Why it feels endless: You’ve delivered everything on your end, but the buyer, their attorney, and various third parties (insurance, etc.) are all working through requirements. The bank cannot schedule closing until nearly everything is complete.

What you can do:

  • Keep operating normally—performance matters until the wire hits
  • Update your buyer weekly with current metrics
  • Push back gently if attorneys are dragging their feet on the purchase agreement
  • Ask your broker: “What specific items are still outstanding?”

Red flags:

  • Purchase agreement negotiations extending beyond 2 weeks
  • Radio silence for more than 7 days
  • Changing terms that weren’t in the commitment letter

Phase 4: Final Approval & Closing (Weeks 8-10)

Week 8-9: Everything is delivered

Once the buyer, seller, and all third parties have delivered ALL closing needs to the bank, the final SBA authorization process begins.

With PLP banks: Even though PLP banks have delegated approval authority, they still must pull final authorization from the SBA E-Tran system before closing.

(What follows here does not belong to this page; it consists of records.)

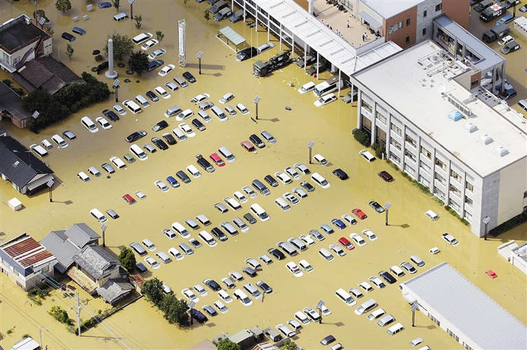 9月11日,在日本茨城县常总市,停车场上的车辆被洪水浸泡。 日本茨城县政府11日说,在10日的洪灾中,有25人下落不明,另有逾千人受困,近6000人被紧急疏散撤离,救援工作仍在进行中。日本关东地区10日普降暴雨,导致当地河流鬼怒川在茨城县常总市段决堤,洪水冲毁部分房屋,全市三分之一面积受淹。 新华社/路透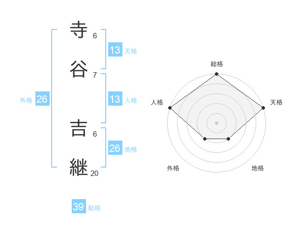 寺谷 吉継さんを姓名の画数から五運を鑑定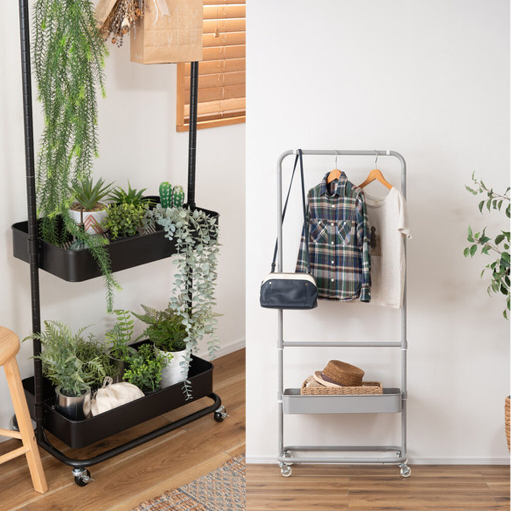 シンプルデザインで場所を選ばないハンガーワゴン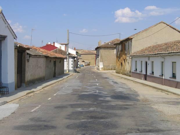 Entrada al pueblo por la Calle Mayor viniendo de Saldaña.La calle presenta un ligero cambio desde hace poco tiempo, la segunda casa de la derecha fué demolida por encontrarse en situación de ruina. (11 de Diciembre de 2004).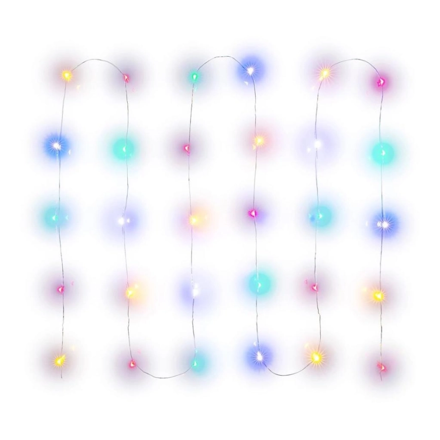 Cordão de luzes LED, 30 LEDs, alimentado por 2x AA, 3,3 m, multicolorido

This authorization verifies eligibility, ownership, and provides final confirmation of the SBA guarantee. Most lenders request this about a week before closing, and it typically takes 24-48 hours to receive. The bank cannot close without this authorization.

With non-PLP banks: The full loan package must be submitted to the SBA for review and approval. Expect 10-20 business days (sometimes longer—the SBA timeline is unpredictable).

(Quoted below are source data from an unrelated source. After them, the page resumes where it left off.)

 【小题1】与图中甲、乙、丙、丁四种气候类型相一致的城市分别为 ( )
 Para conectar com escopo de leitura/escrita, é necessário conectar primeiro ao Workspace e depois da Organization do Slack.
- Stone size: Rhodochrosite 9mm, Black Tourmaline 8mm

Important: The bank will NOT schedule a closing date until they have final SBA E-Tran authorization and nearly all conditions are met. Even with PLP banks, this means waiting until about a week before the anticipated closing to pull authorization, then another 24-48 hours to receive it. This is why you can’t get a firm date earlier in the process.

Week 9-10: Closing is scheduled

Once the bank receives SBA E-Tran authorization (24-48 hours for PLP banks, up to 10-20 days for non-PLP banks), they prepare closing documents and officially assign a closing date.

Closing day:

  • Review and sign all documents (2-4 hours typically)
  • Verify wire instructions multiple times—scams targeting wire transfers are common
  • Transfer assets (domains, accounts, vendor relationships)
  • Begin transition support per your purchase agreement

Funding:

  • Same-day funding is possible but rare
  • More commonly: wire arrives within a few days after closing
  • The bank releases funds once they confirm all final conditions are satisfied

Your job: Show up, sign everything, triple-check wire instructions, and begin the transition you’ve planned.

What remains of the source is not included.